Listed firms may need to be especially careful

Sweett appears to have frustrated the SFO by refusing to hand over its accounts of witness interviews. The issue culminated in November 2014, when Sweett (a company listed on AIM) made an announcement to the market stating it was cooperating fully with the SFO investigation. The SFO disagreed. Sweett was forced to retract the announcement and issue a public statement that it was “doing all that it reasonably could to cooperate with the SFO”. The fact the SFO is taking a very strict view on cooperation (and willing to make its views on the topic publicly known) means that firms need to take particular care in wording any public statements issued. Listed firms, for whom disclosures of SFO investigations frequently cause significant share price movements, even more so.

 

Beware of too little, too late

It was suggested at sentencing that the relationship between Sweett’s legal advisers and the SFO had become particularly antagonistic. Sweett had replaced this law firm with its original advisers. However, this act and full cooperation from mid-2015 onwards was evidently not enough for Sweett to obtain a deferred prosecution agreement (DPA) given all that had gone before. HHJ Beddoe also warned that, while a company might blame a lack of cooperation on poor legal advice, ultimately the company was responsible for such decisions – not its legal advisers.

 

A fine distinction when it comes to financial penalties

Finally, there is a notable difference between the penalty given to Sweett and that agreed between the SFO and Standard Bank in its recent DPA. The fine component of both companies’ financial penalties was calculated based on the benefit gained by the bribery. This was multiplied by a percentage to reflect culpability. For Standard Bank, this percentage was assessed at 300%, while for Sweett, this was 250%.

 

Conclusion

Following on from the Standard Bank DPA last November and the Brand-Rex Scottish civil settlement last September, it appears the Bribery Act 2010 is finally coming of age.

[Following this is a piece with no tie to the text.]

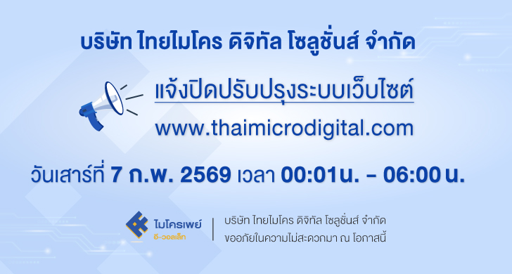 แจ้งปิดให้บริการชั่วคราว ในวันที่ 12-13 กุมภาพันธ์ 2569 เพื่อพัฒนาระบบให้มีประสิทธิภาพมากยิ่งขึ้น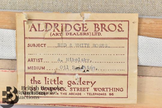 Athanasius Nikolsky (active 1950-1980) oil on canvas, entitled 'Red and White Roses', approx 60w x 50 h, signed lower right dated 1964.

The risks of half-hearted cooperation with the SFO have been brought into sharp relief. Taken together, the Standard Bank DPA and Sweett case give some useful clarity on the extent of cooperation needed to have a chance of securing a DPA. Moreover, if the indications from the SFO are anything to go by, there may well be several more Bribery Act cases to guide us by the end of the year.